The decision in Price v Powys County Council
Mr Price, the Claimant, was employed by Powys County Council. Mr Price and his wife were expecting their first child and, in anticipation of this, he decided to take SPL as soon as his wife’s compulsory maternity leave had ended. Mr Price asked the Council how much he would be paid for 37 weeks of SPL. The Council eventually confirmed that he was only entitled to the equivalent of statutory maternity pay. Mr Price brought a claim for direct sex discrimination to the employment tribunal, on the basis that he would be paid less than female comparators.
Mr Price identified two possible comparators:
- A female employee on statutory maternity leave (‘SML’) receiving maternity pay
- A female employee on statutory adoption leave (‘SAL’) receiving adoption pay
The employment tribunal dismissed his claims.
Applying the judgment of the Court of Appeal in Ali, the tribunal rejected the first comparator and held that Mr Price’s position was materially different to that of a woman on SML. The second comparator was rejected on the same basis, albeit there being more similarities between Mr Price’s situation and a woman on SAL, than a woman on SML. The tribunal stated that the correct comparison for pay would be between a male employee on SPL and a female employee on SPL.
Mr Price appealed to the EAT in relation to the second comparator. He argued that childcare was at the heart of both SPL and SAL and, as a result, he should not be discriminated against on the basis of pay.
The EAT dismissed his appeal and upheld the decision of the employment tribunal. The EAT argued that SAL went well beyond the purposes of childcare, including the formation of a parental bond following adoption proceedings. Therefore, a person taking SPL was not in a directly comparable position to that of one taking SAL. Section 23 of the Equality Act 2010 requires that there is no ‘material difference’ in circumstances between a Claimant and his comparator, so the claim failed.
The decision will certainly be welcomed by employers who operate an enhanced adoption pay policy. A strict analysis of the Equality Act 2010 means that employers will not face successful claims for sex discrimination where enhanced SPL is not offered to fathers seeking it. The logic of the EAT is clear in the sense that the process of adoption is a delicate one for a parent and that they should be given more time and flexibility to navigate the obstacles that come with it, including forming the parental bond and preparing and maintaining a safe environment.

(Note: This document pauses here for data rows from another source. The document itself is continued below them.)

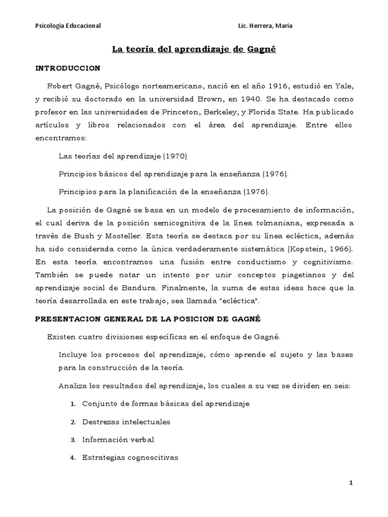 Gagné nos señala cinco resultados o dominios del aprendizaje, que pueden
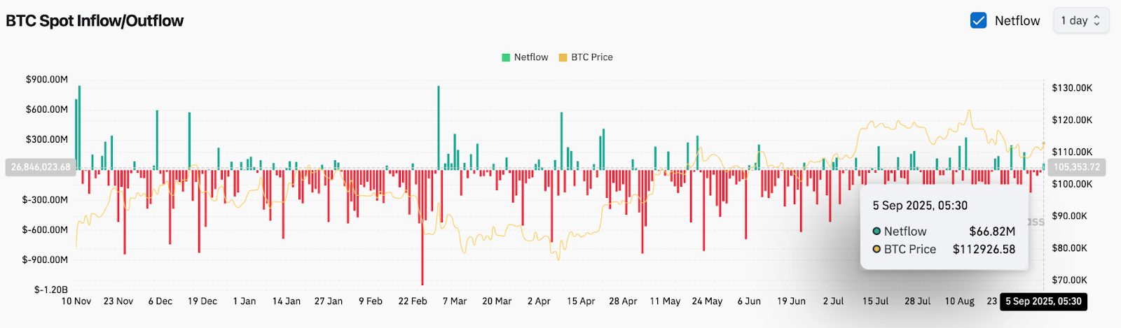 Данные спотовых торгов по сети зафиксировали чистый приток в размере 66,8 млн долларов США 5 сентября, что прервало многонедельный устойчивый отток. Возобновление положительного притока свидетельствует о том, что трейдеры постепенно восстанавливают позиции на текущих уровнях.
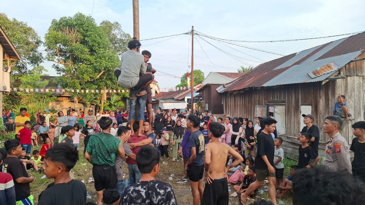 Panjat Pinang semarak HUT ke 80 RI diselenggarakan Polsek TBS pada 17 Agustus.(ist)
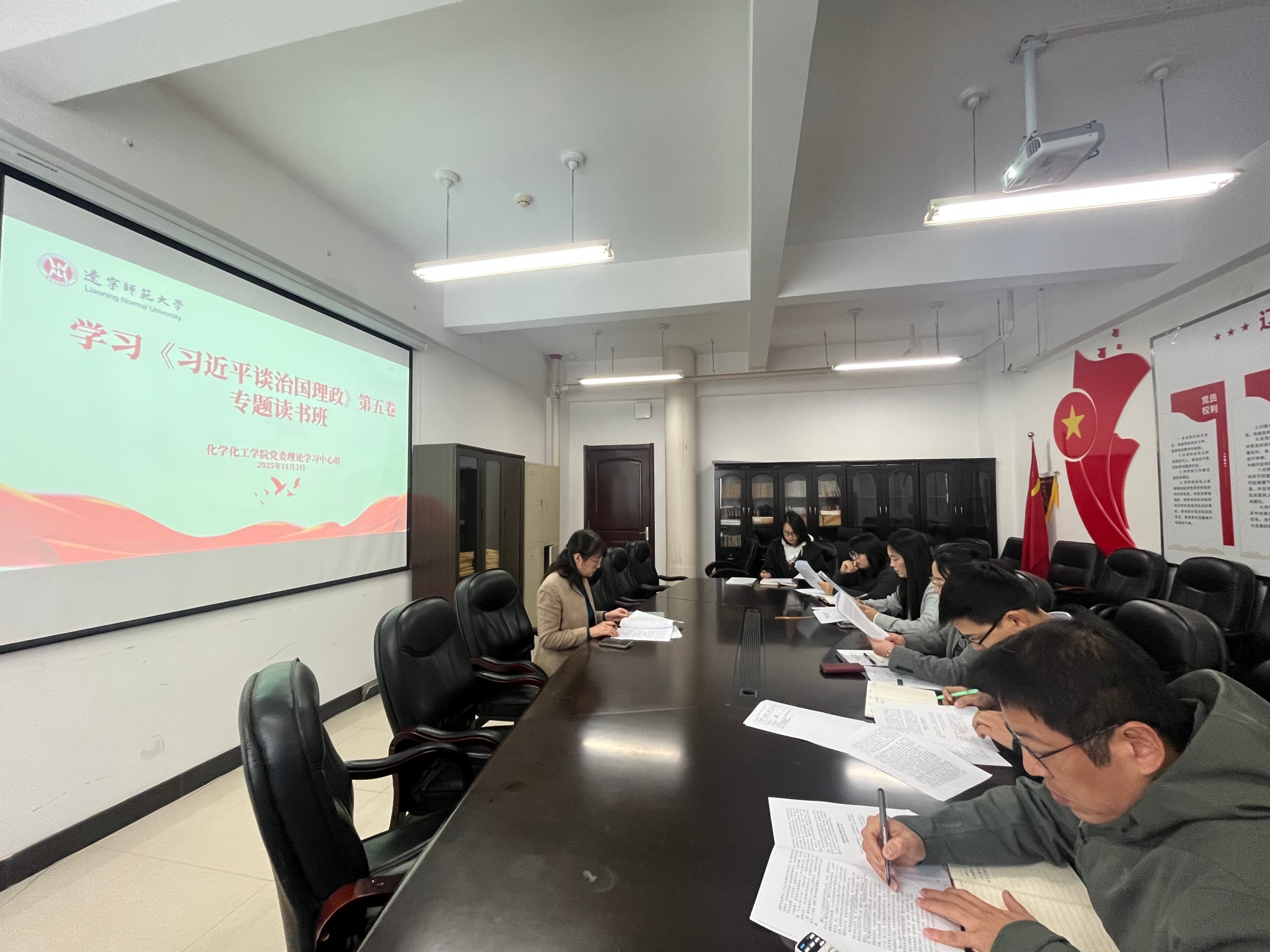 2025年11月3日,化学化工学院召开学习《习近平谈治国理政》第五卷专题读书班暨党委理论学习中心组集体学习会议,集体学习《习近平谈治国理政》第五卷,并结合工作实际进行研讨交流。会议由学院党委书记于伟主持,全体中心组成员参加学习。

However, we must remember that Mr Price’s claim bore out of a desire to be at home for longer with his newly born child. As such, the decision does little to address concerns that women continue to shoulder greater responsibility for childcare (especially in the early years), with women routinely offered enhanced pay during SML and fathers not in similar instances. This may be an area of law which employers and the courts will revisit in the not so distant future.